__ABOUT THIS EXERCISE__. Could you transcribe exactly the lines below, from the line with "When DTC P0112" through the line with "镂空的门和传统的屏风都可以用", and nothing else, leaving out the pictures?

__RECORDS SHOWN__.
+--

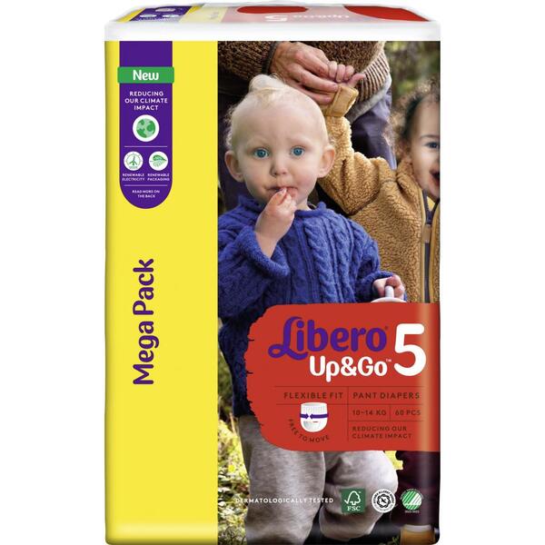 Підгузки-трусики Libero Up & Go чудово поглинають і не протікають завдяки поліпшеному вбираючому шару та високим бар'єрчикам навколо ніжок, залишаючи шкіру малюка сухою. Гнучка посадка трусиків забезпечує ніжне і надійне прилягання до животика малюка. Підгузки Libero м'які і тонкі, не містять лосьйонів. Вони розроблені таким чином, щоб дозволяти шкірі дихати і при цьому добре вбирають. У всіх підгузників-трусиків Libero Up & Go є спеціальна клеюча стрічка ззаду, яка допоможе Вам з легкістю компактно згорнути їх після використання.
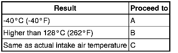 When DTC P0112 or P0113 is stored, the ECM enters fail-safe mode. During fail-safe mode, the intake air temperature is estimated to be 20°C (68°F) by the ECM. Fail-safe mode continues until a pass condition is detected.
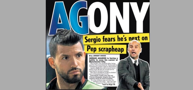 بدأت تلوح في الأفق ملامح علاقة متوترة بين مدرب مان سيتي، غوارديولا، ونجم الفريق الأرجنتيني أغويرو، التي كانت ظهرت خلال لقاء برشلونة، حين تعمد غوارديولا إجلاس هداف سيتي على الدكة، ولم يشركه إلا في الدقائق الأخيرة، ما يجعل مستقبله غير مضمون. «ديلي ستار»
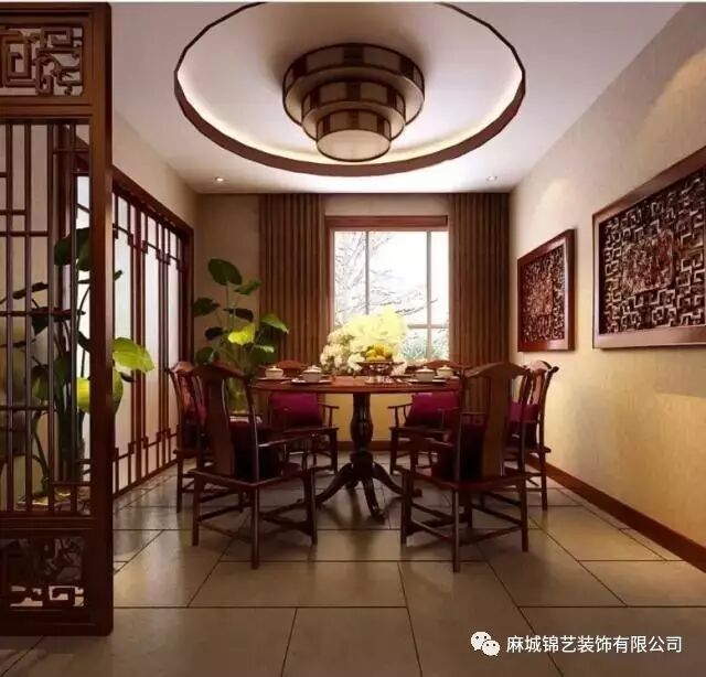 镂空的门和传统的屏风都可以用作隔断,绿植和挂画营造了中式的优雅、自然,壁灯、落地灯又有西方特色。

+--

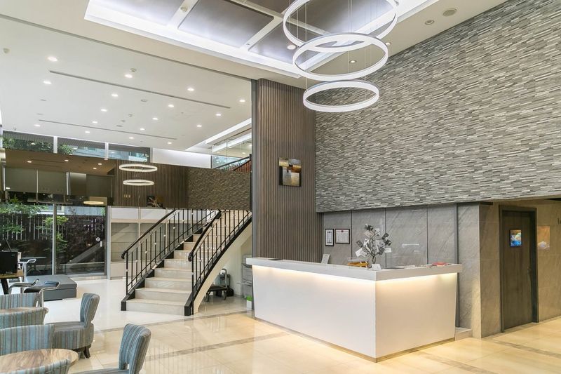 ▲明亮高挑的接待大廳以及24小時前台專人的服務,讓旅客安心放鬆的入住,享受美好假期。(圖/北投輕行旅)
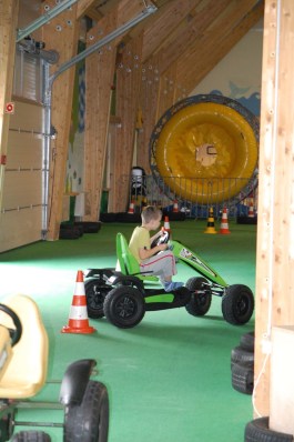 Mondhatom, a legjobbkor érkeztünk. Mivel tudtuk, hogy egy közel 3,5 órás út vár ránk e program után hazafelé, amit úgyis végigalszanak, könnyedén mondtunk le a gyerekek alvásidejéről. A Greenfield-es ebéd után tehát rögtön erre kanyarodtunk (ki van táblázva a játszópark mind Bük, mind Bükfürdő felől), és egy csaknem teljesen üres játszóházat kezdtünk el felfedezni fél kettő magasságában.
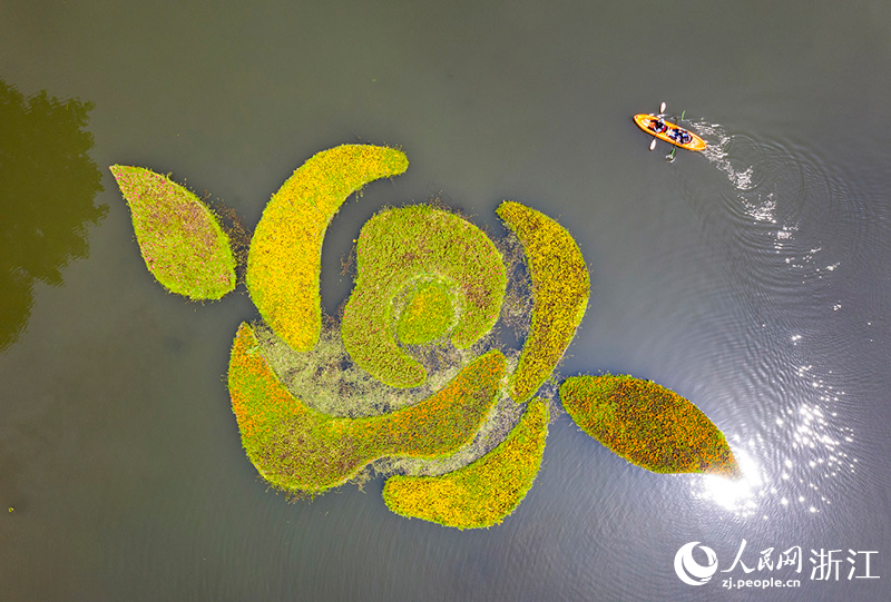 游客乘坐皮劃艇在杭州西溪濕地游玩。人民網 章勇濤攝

+--

__TASK ANSWER__.
 When DTC P0112 or P0113 is stored, the ECM enters fail-safe mode. During fail-safe mode, the intake air temperature is estimated to be 20°C (68°F) by the ECM. Fail-safe mode continues until a pass condition is detected.
 بدأت تلوح في الأفق ملامح علاقة متوترة بين مدرب مان سيتي، غوارديولا، ونجم الفريق الأرجنتيني أغويرو، التي كانت ظهرت خلال لقاء برشلونة، حين تعمد غوارديولا إجلاس هداف سيتي على الدكة، ولم يشركه إلا في الدقائق الأخيرة، ما يجعل مستقبله غير مضمون. «ديلي ستار»
 镂空的门和传统的屏风都可以用作隔断,绿植和挂画营造了中式的优雅、自然,壁灯、落地灯又有西方特色。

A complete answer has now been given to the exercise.